Transformation Rule; Semantic Query Optimization. Transformation rules; semantic query optimization; data-driven approach; query-transformation rules; closure algorithm; data distribution; correctness; completeness; complexity; SQO; data-driven discovery; computational complexity; deductive databases; learning (artificial intelligence); query processing.

Abstract

An approach to learning query-transformation rules based on analyzing the existing data in the database is proposed. A framework and a closure algorithm for learning rules from a given data distribution are described. The correctness, completeness, and complexity of the proposed algorithm are characterized and a detailed example is provided to illustrate the framework.
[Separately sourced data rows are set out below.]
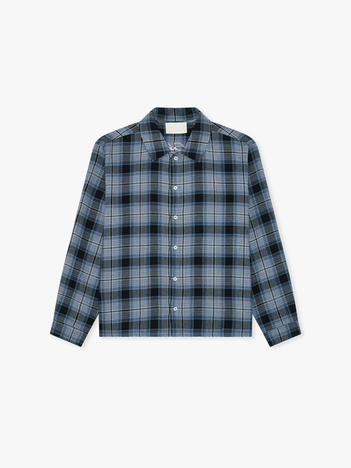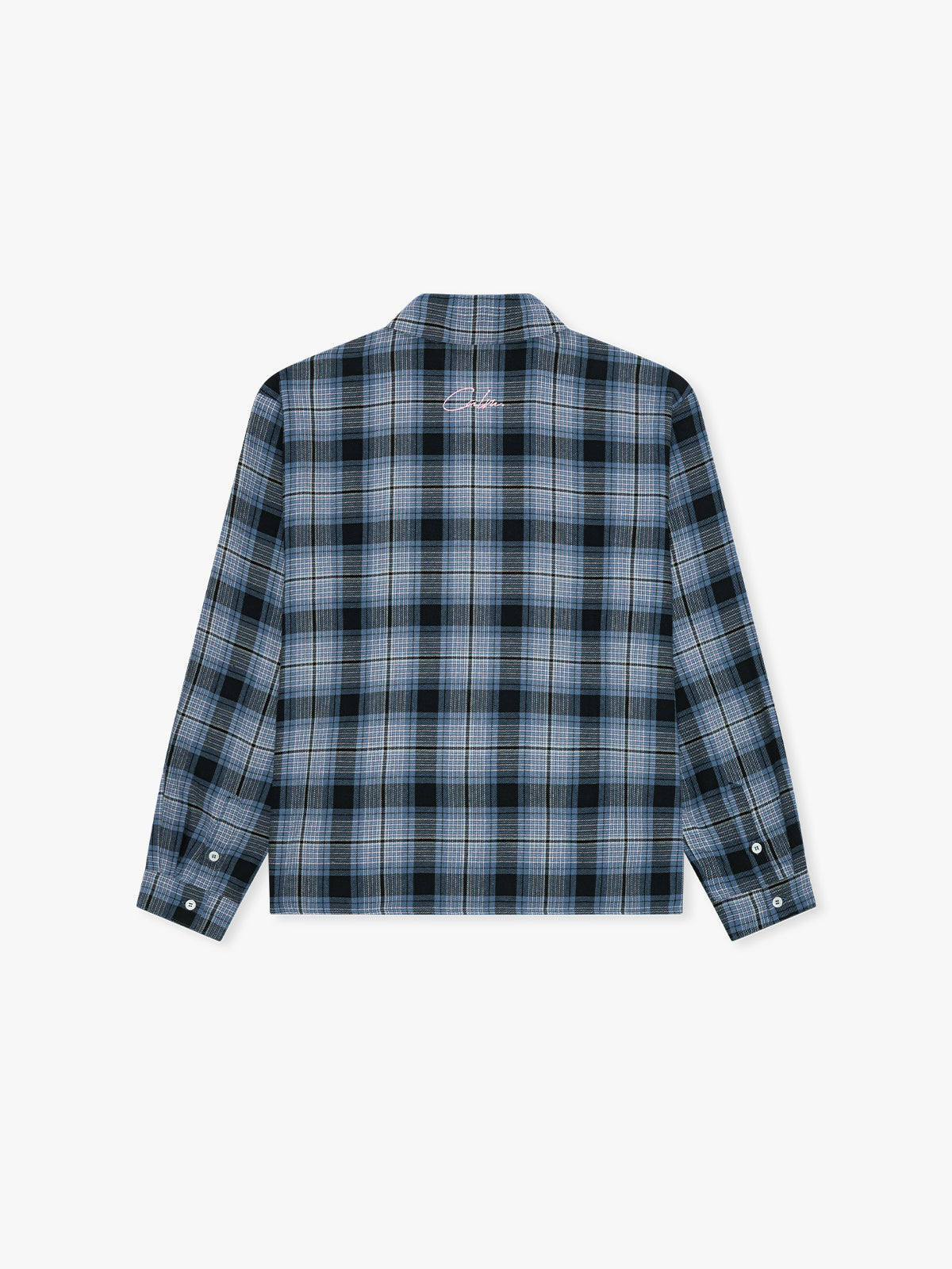 Introducing our Flannel Shirt in Blue Black, crafted from soft 100% cotton flannel with a brushed surface for a lived-in feel. Designed in a regular fit with a straight hem and clean silhouette. Finished with a subtle pink Calm logo embroidered in cursive at the back neck.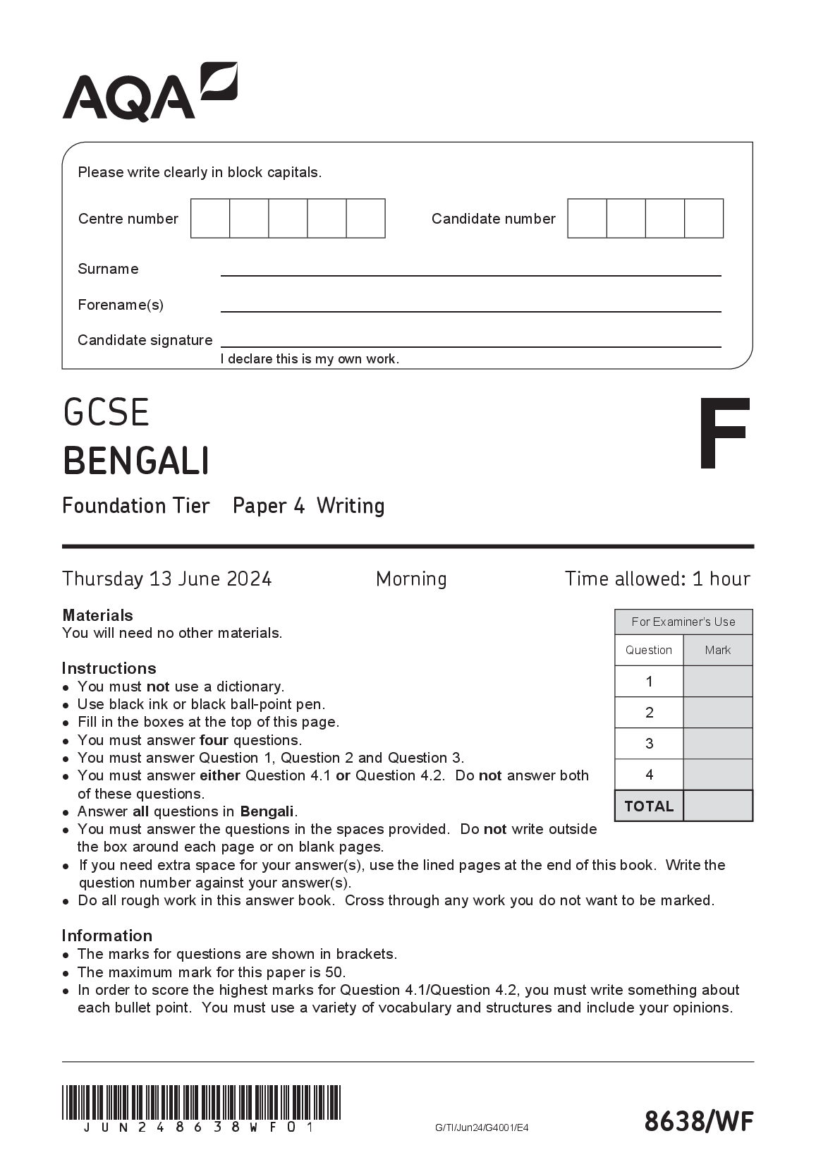 2024 AQA GCSE BENGALI Paper 4 Writing QP(8638/WF:Foundation Tier). 2024 AQA GCSE BENGALI Paper 4 Writing QP(8638/WF:Foundation Tier) GCSE QUESTION PAPER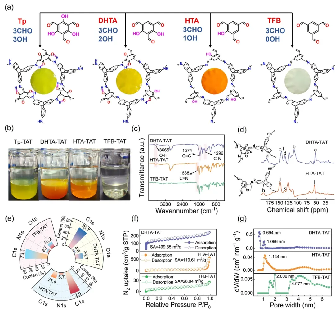 图4 (a) TAT与不同醛单体反应形成的化学结构。(b) 将去离子水分别加入不同的低聚物前体DCM溶液中12 h后纳米膜形成的图像。(c) 不同膜的ATR-FTIR光谱,(d) 固态13C NMR光谱,(e) XPS光谱。(f) 不同膜在77K下的N2吸附等温线。(g) 采用NLDFT模型计算DHTA-TAT膜和HTA-TAT膜的孔径分布。采用BJH法计算TFB-TAT膜的孔径分布。TAT浓度为1 mM,所有醛单体浓度均为1 mM,反应时间为12 h。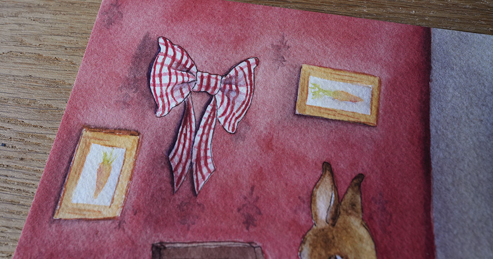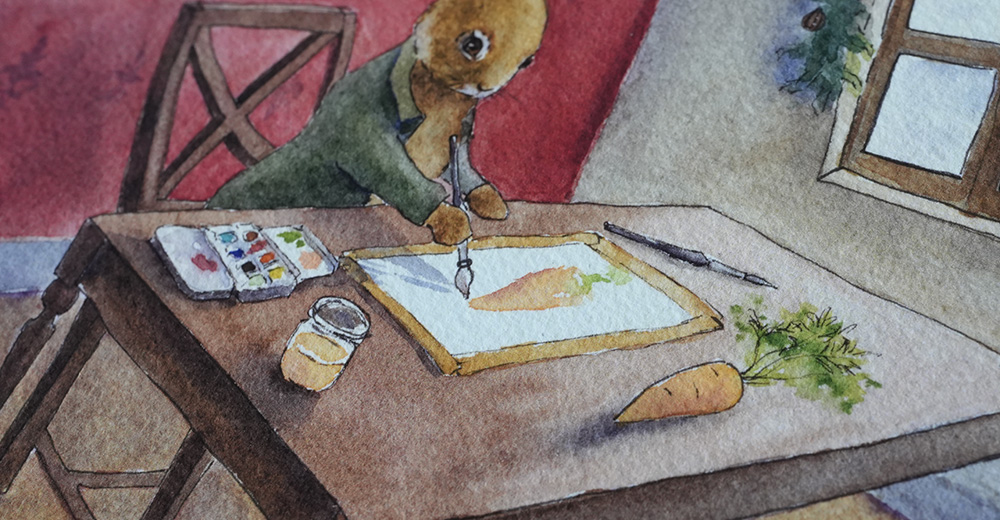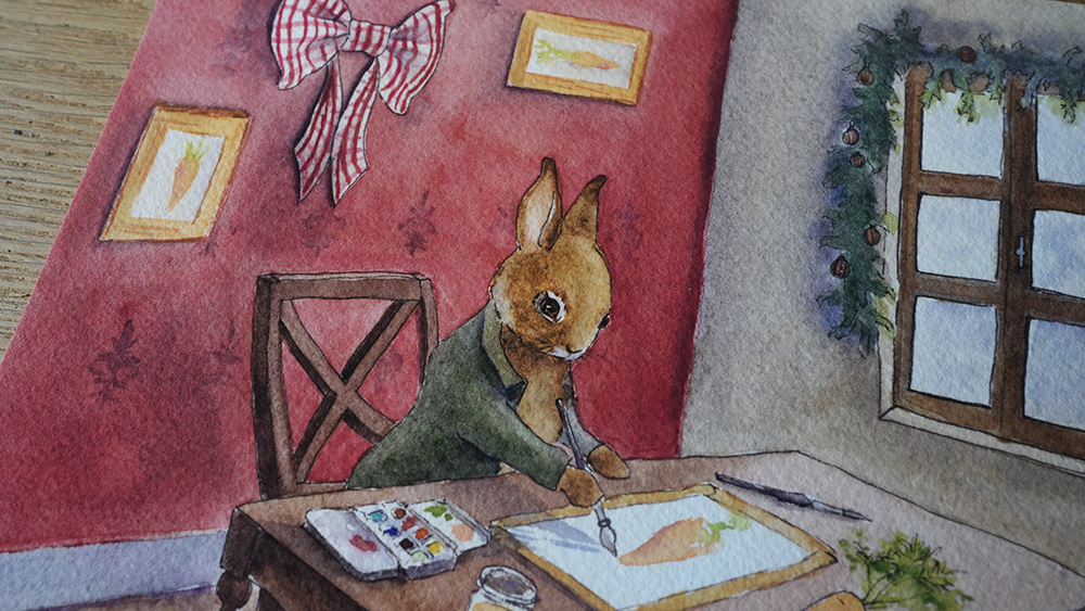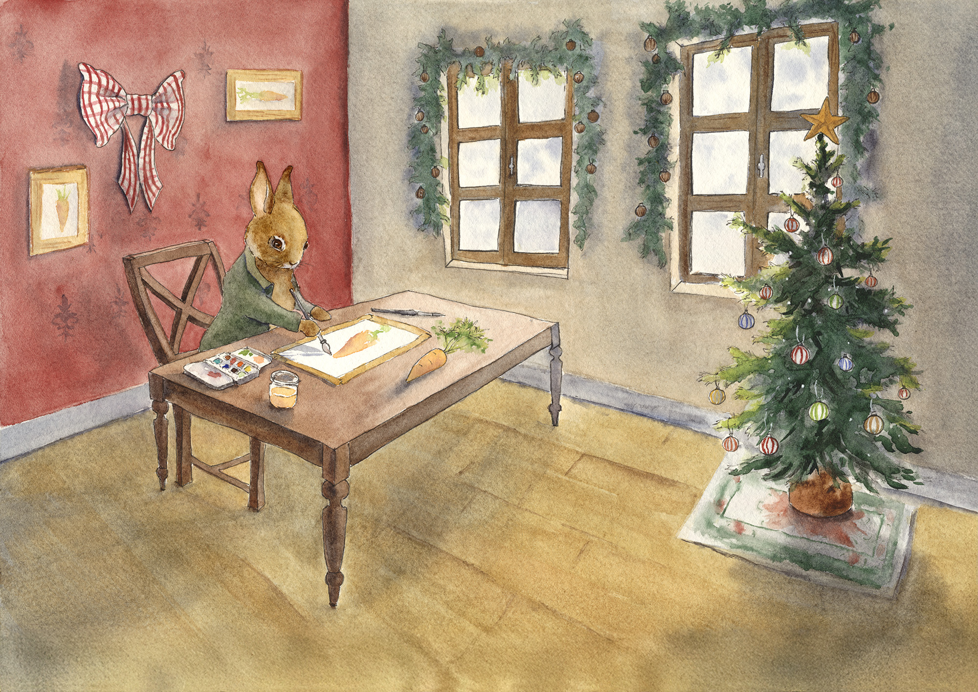 « La nature morte » est une illustration tendre et feutrée dans laquelle on peut voir un lapin peindre une aquarelle de carotte d’après nature sur un bureau en bois. Les fenêtres sont surmontées de guirlandes, tandis qu’un sapin décoré égaye la partie droite de l’image.
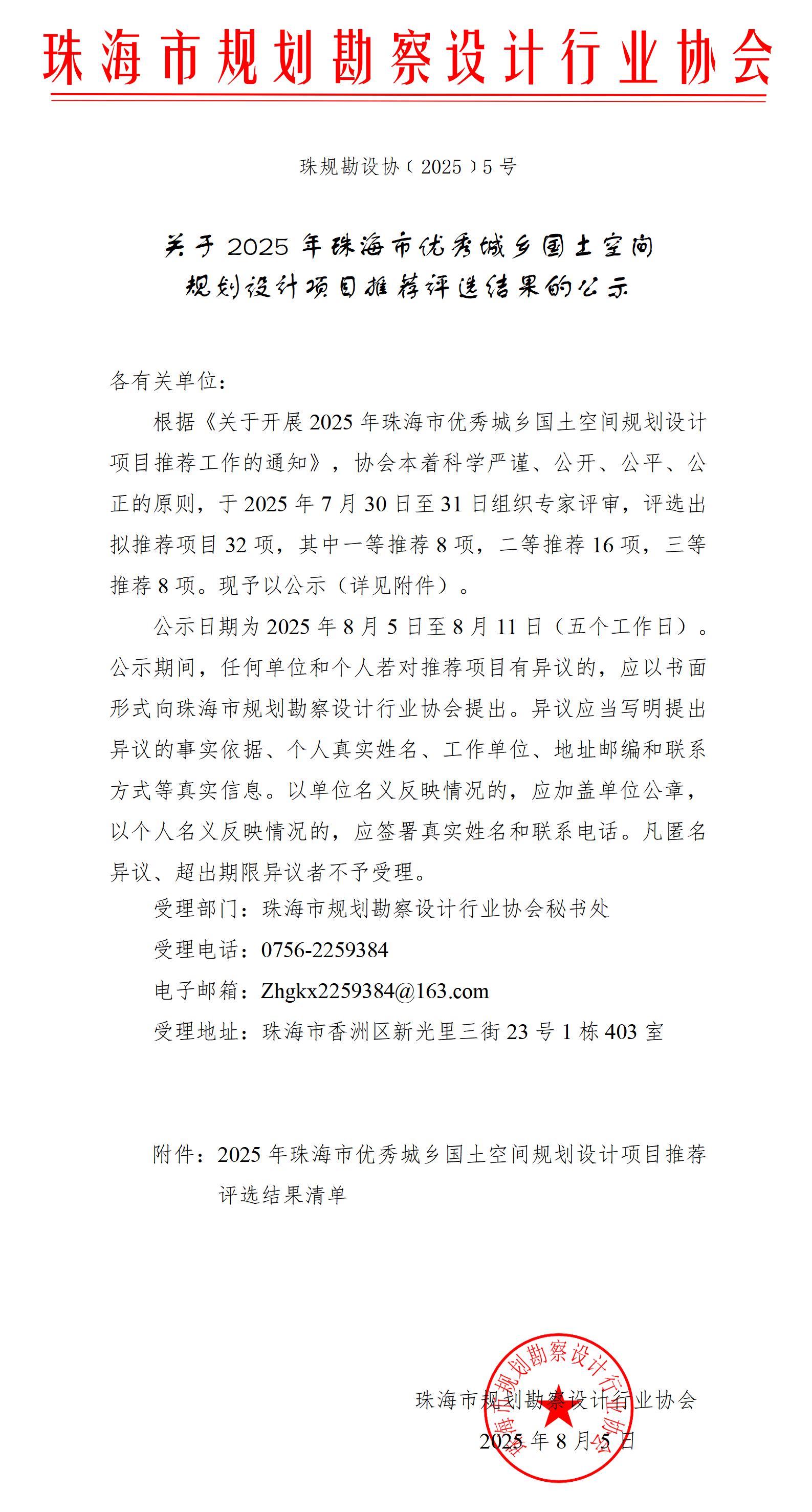 关于2025年珠海市优秀城乡国土空间规划设计项目推荐评选结果的公示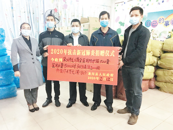 廣東紐恩泰新能源科技發展有限公司董事長趙密升獲悉龍川缺乏醫用口罩等醫療物資,立馬在越南、北京等地緊急采購2萬只口罩馳援龍川。深圳平湖龍川聯誼會會長陳劍輝通過深圳企業交流平臺尋找采購渠道,幫助龍川采購消毒液等醫療物資。同時他還組織發動平湖龍川聯誼會鄉親,籌集1.5萬元善款購買了600瓶消毒酒精,派人派車從深圳送到龍川,為龍川防控疫情提供消殺物資。

2. Related Approaches and Our Contributions

The learning of query transformation rules can be query-driven or data-driven. In query-driven frameworks [7, 11] the search for new query transformation rules is guided by the set of queries arriving at the database using query comparisons [7] and hypothesis generation and testing [11, 12]. In query comparison, the set of queries arriving after the last update are analyzed by comparing the set of tuples retrieved to answer various queries. If the set of tuples retrieved by two queries are identical then query transformation rules relating the restrictions in the two queries can be added[7]. In hypothesis generation and testing approaches [13], the queries are used to generate a candidate query transformation rule. A candidate rule consists of an antecedent restriction and the set of variables in the consequent. The antecedent restriction is generated from the restriction clauses of the queries arriving at the system. The set of free variables for the consequent is generated by heuristics such as index introduction[1]. The antecedent restriction is evaluated against the database state to retrieve and summarize all possible values of the free variables to form the consequent.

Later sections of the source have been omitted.